══ Available records ══
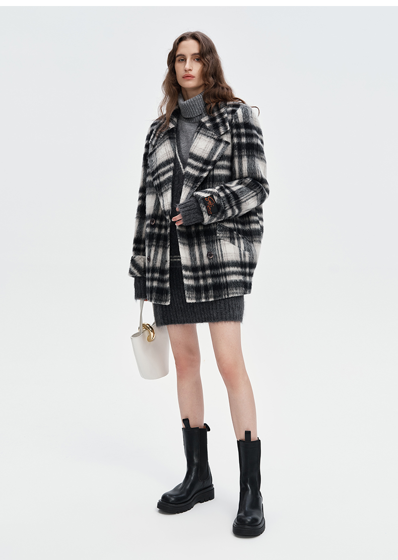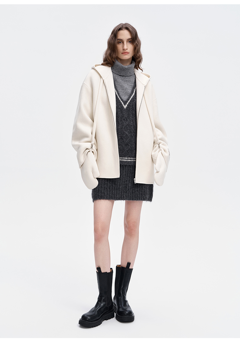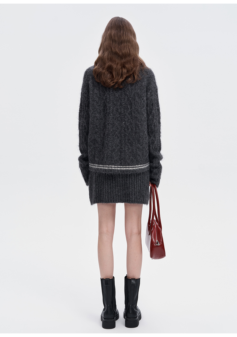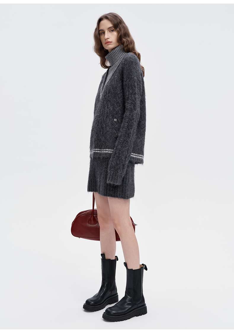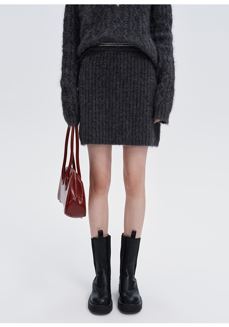 SELFWHO羊驼毛混纺假两件针织衫短裙两件套女2024冬经典百搭套装
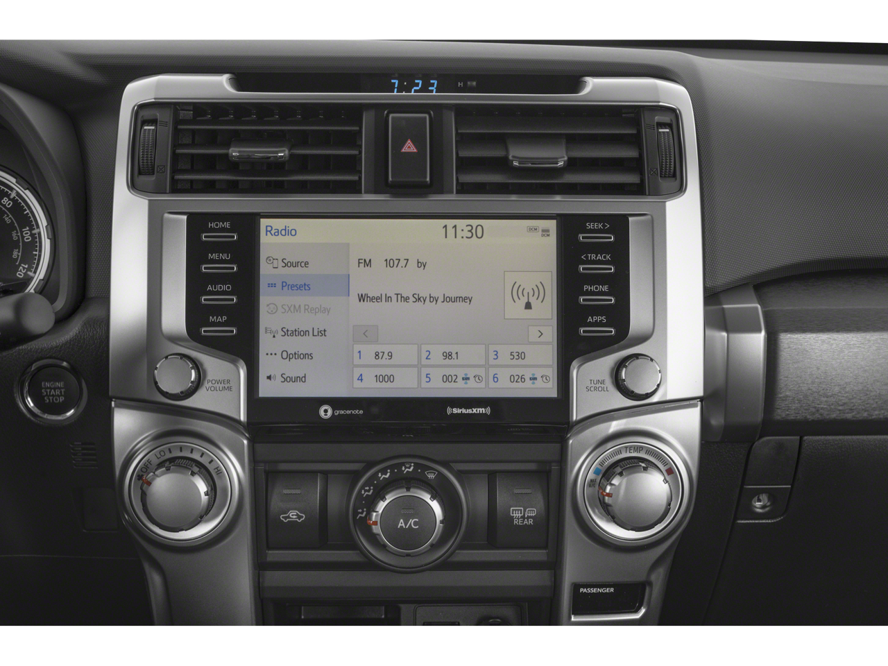 TRD Sport Package (Black Roof Rails, Shift Knob, TRD Sport Badge, and TRD Sport Carpet Floor Mats), 4WD, Black/Graphite w/Leather Seat Trim, Air Conditioning, Apple CarPlay/Android Auto, Exterior Parking Camera Rear, Front Bucket Seats, Power driver seat, SofTex Seat Trim, Wheels: 20 Unique Dual 6-Spoke Alloy, 3.727 Axle Ratio, 4-Wheel Disc Brakes, 8 Speakers, ABS brakes, Alloy wheels, AM/FM radio: SiriusXM, Anti-whiplash front head restraints, Auto High-beam Headlights, Brake assist, Bumpers: body-color, Driver door bin, Driver vanity mirror, Dual front impact airbags, Dual front side impact airbags, Electronic Stability Control, Emergency communication system: Safety Connect (1-year trial), Front anti-roll bar, Front Center Armrest, Front fog lights, Front reading lights, Front wheel independent suspension, Heated door mirrors, Illuminated entry, Knee airbag, Leather Shift Knob, Leather steering wheel, Low tire pressure warning, Occupant sensing airbag, Outside temperature display, Overhead airbag, Overhead console, Panic alarm, Passenger door bin, Passenger vanity mirror, Power door mirrors, Power steering, Power windows, Radio: Audio, Rear anti-roll bar, Rear seat center armrest, Rear window defroster, Rear window wiper, Remote keyless entry, Security system, Speed control, Speed-sensing steering, Split folding rear seat, Spoiler, Steering wheel mounted audio controls, Tachometer, Telescoping steering wheel, Tilt steering wheel, Traction control, Trip computer, and Variably intermittent wipers.
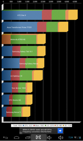 AnTuTu Benchmark是一個專門給Android設備的手機、平板電腦硬體打分的軟件,,通過“內存性能”、“CPU整數性能”,“CPU浮點性能”、“2D、3D繪圖性能”、“數據庫IO”、“SD卡讀、寫速度” 等性能測試對手機的硬體性能做出評分。
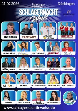 Die legendäre Schlagernacht in Weiß geht 2026 in die nächste Runde! Freut euch auf eine unvergessliche Nacht voller Schlagerklassiker, Rock-Hymnen und echter Stimmungsgarantie – in weißer Kleidung und bester Festival-Atmosphäre.
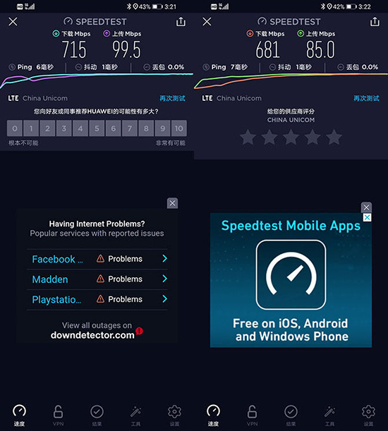華為暢享20采用5G SoC,內(nèi)置了雙模5G基帶,能同時(shí)支持SA個(gè)NSA雙模5G。我們使用電信的5G網(wǎng)絡(luò)對(duì)于華為暢享20進(jìn)行測(cè)試,可以看到下載速度5G網(wǎng)絡(luò)達(dá)到了715Mbps,上載速度5G網(wǎng)絡(luò)有99.5Mbps,4G網(wǎng)絡(luò)只有43.8Mbps,上載的差距并沒有太大。而延時(shí)方面5G網(wǎng)絡(luò)達(dá)到了6ms,抖動(dòng)1ms, 5G網(wǎng)絡(luò)擁有低延時(shí)的優(yōu)勢(shì)。這個(gè)速度只是理論速度,而實(shí)際的5G對(duì)于我們?nèi)粘5南螺d體驗(yàn)又是如何?
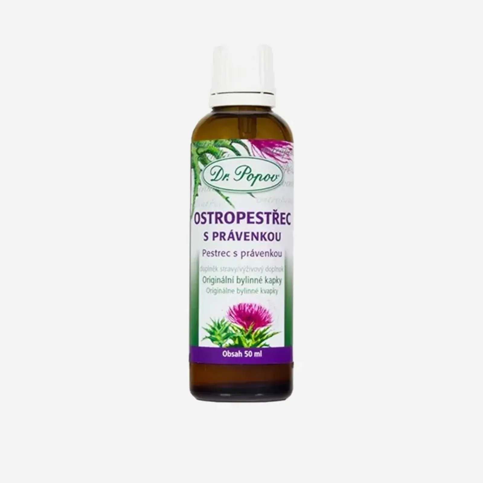 Zloženie: Voda, jemný kvasný lieh (alk. 35 % obj.), pestrec mariánsky plod, právenka latnatá vňať.
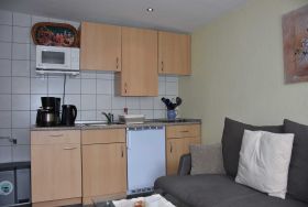 Im Wohn- Essbereich finden Sie die gemütliche Sitzecke mit ausziehbarer Couch, sowie die offene Küche mit Mikrowelle, Kühlschrank mit Tiefkühlfach, Wasserkocher, Toaster, Herd und Filterkaffeemaschine.
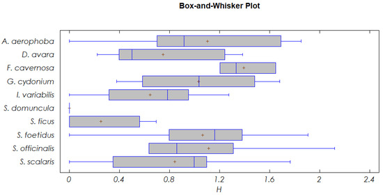 Shannon diversity index (H’) values of the associated communities for each sponge species. Cross (+) denotes the median value.
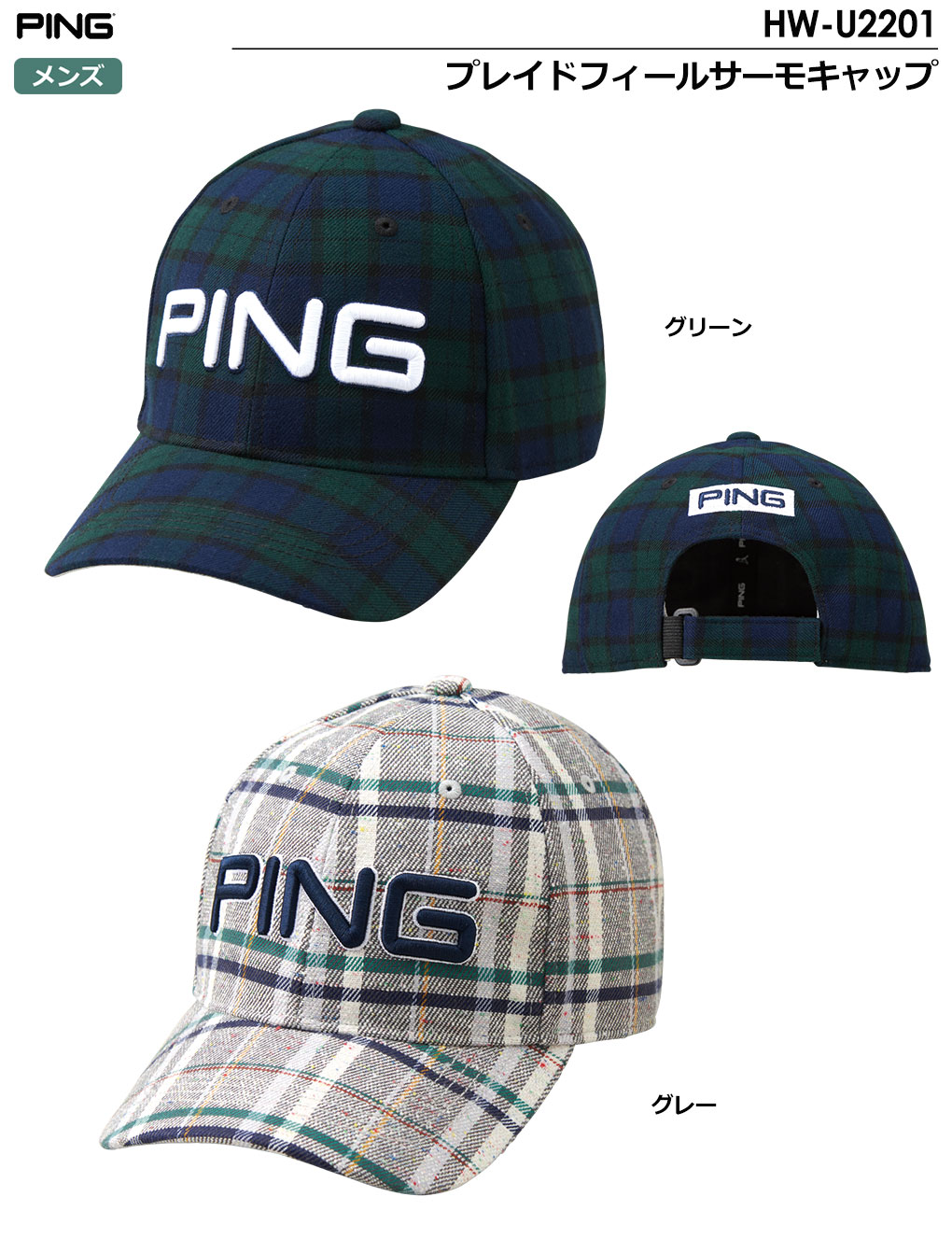 ピン PING HW-U2201 プレイドフィールサーモキャップ メンズ 2022秋冬モデル 日本正規品 日本モデル ゴルフ ゴルフ用品 ウェアアクセサリー 帽子 キャップ
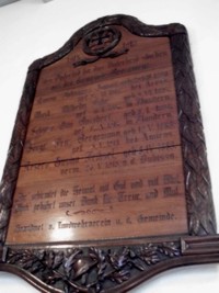 Gedenktafel 1. Weltkrieg und Gedenkblatt 2. Weltkrieg in der Kirche
═══
Any picture found in the data is to be skipped while the rest is copied exactly.

### Solved exercise
 SELFWHO羊驼毛混纺假两件针织衫短裙两件套女2024冬经典百搭套装
 TRD Sport Package (Black Roof Rails, Shift Knob, TRD Sport Badge, and TRD Sport Carpet Floor Mats), 4WD, Black/Graphite w/Leather Seat Trim, Air Conditioning, Apple CarPlay/Android Auto, Exterior Parking Camera Rear, Front Bucket Seats, Power driver seat, SofTex Seat Trim, Wheels: 20 Unique Dual 6-Spoke Alloy, 3.727 Axle Ratio, 4-Wheel Disc Brakes, 8 Speakers, ABS brakes, Alloy wheels, AM/FM radio: SiriusXM, Anti-whiplash front head restraints, Auto High-beam Headlights, Brake assist, Bumpers: body-color, Driver door bin, Driver vanity mirror, Dual front impact airbags, Dual front side impact airbags, Electronic Stability Control, Emergency communication system: Safety Connect (1-year trial), Front anti-roll bar, Front Center Armrest, Front fog lights, Front reading lights, Front wheel independent suspension, Heated door mirrors, Illuminated entry, Knee airbag, Leather Shift Knob, Leather steering wheel, Low tire pressure warning, Occupant sensing airbag, Outside temperature display, Overhead airbag, Overhead console, Panic alarm, Passenger door bin, Passenger vanity mirror, Power door mirrors, Power steering, Power windows, Radio: Audio, Rear anti-roll bar, Rear seat center armrest, Rear window defroster, Rear window wiper, Remote keyless entry, Security system, Speed control, Speed-sensing steering, Split folding rear seat, Spoiler, Steering wheel mounted audio controls, Tachometer, Telescoping steering wheel, Tilt steering wheel, Traction control, Trip computer, and Variably intermittent wipers.
 AnTuTu Benchmark是一個專門給Android設備的手機、平板電腦硬體打分的軟件,,通過“內存性能”、“CPU整數性能”,“CPU浮點性能”、“2D、3D繪圖性能”、“數據庫IO”、“SD卡讀、寫速度” 等性能測試對手機的硬體性能做出評分。
 Die legendäre Schlagernacht in Weiß geht 2026 in die nächste Runde! Freut euch auf eine unvergessliche Nacht voller Schlagerklassiker, Rock-Hymnen und echter Stimmungsgarantie – in weißer Kleidung und bester Festival-Atmosphäre.
華為暢享20采用5G SoC,內(nèi)置了雙模5G基帶,能同時(shí)支持SA個(gè)NSA雙模5G。我們使用電信的5G網(wǎng)絡(luò)對(duì)于華為暢享20進(jìn)行測(cè)試,可以看到下載速度5G網(wǎng)絡(luò)達(dá)到了715Mbps,上載速度5G網(wǎng)絡(luò)有99.5Mbps,4G網(wǎng)絡(luò)只有43.8Mbps,上載的差距并沒有太大。而延時(shí)方面5G網(wǎng)絡(luò)達(dá)到了6ms,抖動(dòng)1ms, 5G網(wǎng)絡(luò)擁有低延時(shí)的優(yōu)勢(shì)。這個(gè)速度只是理論速度,而實(shí)際的5G對(duì)于我們?nèi)粘5南螺d體驗(yàn)又是如何?
 Zloženie: Voda, jemný kvasný lieh (alk. 35 % obj.), pestrec mariánsky plod, právenka latnatá vňať.
 Im Wohn- Essbereich finden Sie die gemütliche Sitzecke mit ausziehbarer Couch, sowie die offene Küche mit Mikrowelle, Kühlschrank mit Tiefkühlfach, Wasserkocher, Toaster, Herd und Filterkaffeemaschine.
 Shannon diversity index (H’) values of the associated communities for each sponge species. Cross (+) denotes the median value.
 ピン PING HW-U2201 プレイドフィールサーモキャップ メンズ 2022秋冬モデル 日本正規品 日本モデル ゴルフ ゴルフ用品 ウェアアクセサリー 帽子 キャップ
 Gedenktafel 1. Weltkrieg und Gedenkblatt 2. Weltkrieg in der Kirche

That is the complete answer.